2016-09-03 02:45:47,909 INFO [main] org.apache.nifi.bootstrap.Command Working Directory: /opt/nifi-1.0.0
2016-09-03 02:45:47,909 INFO [main] org.apache.nifi.bootstrap.Command Command: /usr/lib/jvm/java/bin/java -classpath /opt/nifi-1.0.0/./conf:/opt/nifi-1.0.0/./lib/jul-to-slf4j-1.7.12.jar:/opt/nifi-1.0.0/./lib/nifi-documentation-1.0.0.jar:/opt/nifi-1.0.0/./lib/logback-core-1.1.3.jar:/opt/nifi-1.0.0/./lib/nifi-runtime-1.0.0.jar:/opt/nifi-1.0.0/./lib/slf4j-api-1.7.12.jar:/opt/nifi-1.0.0/./lib/nifi-properties-loader-1.0.0.jar:/opt/nifi-1.0.0/./lib/jcl-over-slf4j-1.7.12.jar:/opt/nifi-1.0.0/./lib/log4j-over-slf4j-1.7.12.jar:/opt/nifi-1.0.0/./lib/bcprov-jdk15on-1.54.jar:/opt/nifi-1.0.0/./lib/nifi-framework-api-1.0.0.jar:/opt/nifi-1.0.0/./lib/nifi-nar-utils-1.0.0.jar:/opt/nifi-1.0.0/./lib/nifi-properties-1.0.0.jar:/opt/nifi-1.0.0/./lib/nifi-api-1.0.0.jar:/opt/nifi-1.0.0/./lib/commons-lang3-3.4.jar:/opt/nifi-1.0.0/./lib/logback-classic-1.1.3.jar -Dorg.apache.jasper.compiler.disablejsr199=true -Xmx512m -Xms512m -Dsun.net.http.allowRestrictedHeaders=true -Djava.net.preferIPv4Stack=true -Djava.awt.headless=true -XX:+UseG1GC -Djava.protocol.handler.pkgs=sun.net.www.protocol -Dnifi.properties.file.path=/opt/nifi-1.0.0/./conf/nifi.properties -Dnifi.bootstrap.listen.port=43343 -Dapp=NiFi -Dorg.apache.nifi.bootstrap.config.log.dir=/opt/nifi-1.0.0/logs org.apache.nifi.NiFi
Access NiFi Web UI
Note: It will take a couple of minutes for NiFi to start up.

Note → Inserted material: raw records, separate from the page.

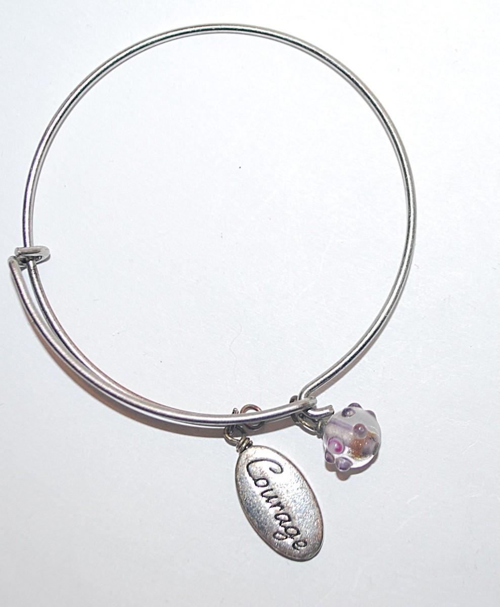 Vintage "COURAGE" BRACELET (2½" Opening) with Silver Tone Oval Charm & Lumpy Acrylic Bead on Curved Hook Closure
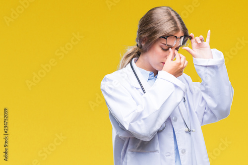 Beautiful young blonde doctor woman wearing medical uniform over isolated background tired rubbing nose and eyes feeling fatigue and headache. Stress and frustration concept.
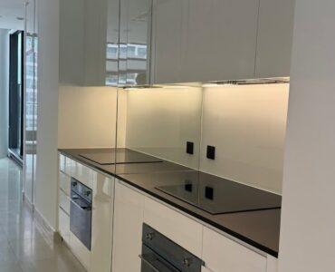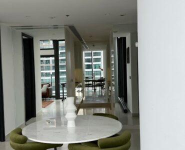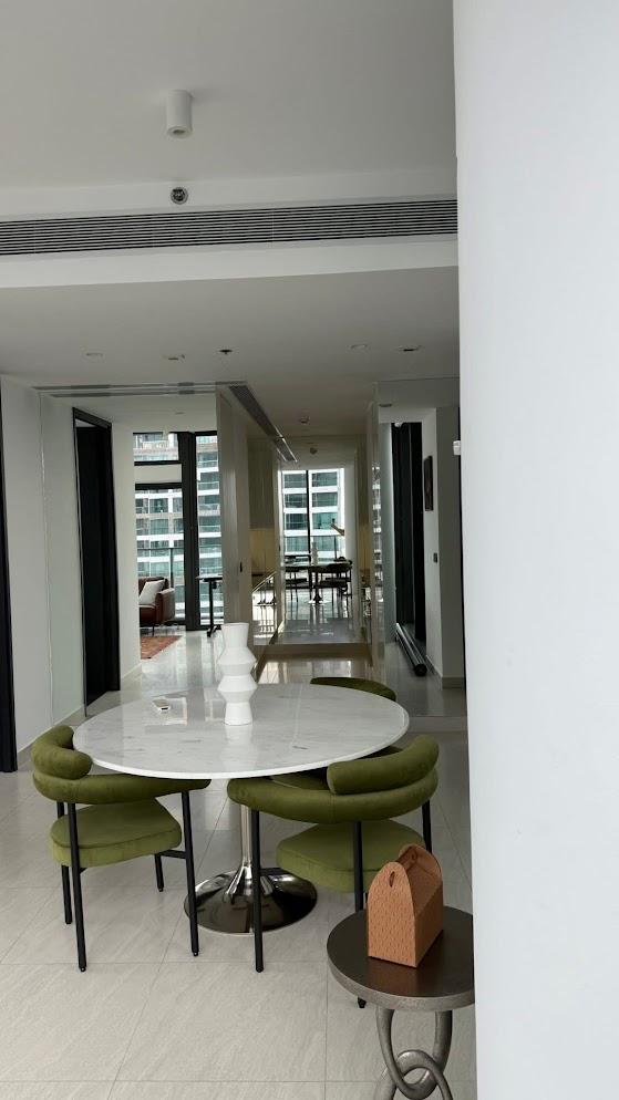 . The interior is fully furnished with premium decor and high-end appliances, reflecting a sophisticated urban lifestyle.

The NiFi web UI should be available via http://sandbox.hortonworks.com:9090/nifi. You should see the default canvas:
Add Processors
You add processors to NiFi by dragging the Processor icon from the left icon bar to the canvas. This screenshot shows the Processor icon:
Once you drag the icon to the canvas, you will see the Add Processor dialog box. This screenshot shows the dialog box:
Add GetTwitter Processor
Drag the Processor icon to the canvas. In the Add Processor dialog, enter "twitter" in the Filter box. This will filter the list of processors to show you matching processor names. You should see something similar to this:
Select the GetTwitter processor and click the ADD button. This will add the processor to the canvas. Your canvas should look similar to this:
Configure GetTwitter Processor
Right click on the GetTwitter processor to display the context menu. It should look similar to this:
Click the Configure menu option. This will display the Configure Processor dialog box. It should look similar to this:
Click the Properties tab. You should set the following settings:
Twitter Endpoint -> Set to Filter Endpoint
Consumer Key -> From twitter app
Consumer Secret -> From twitter app
Access Token -> From twitter app
Access Token Secret -> From twitter app
Terms to Filter on -> Set to "nifi,hadoop,hortonworks,elasticsearch"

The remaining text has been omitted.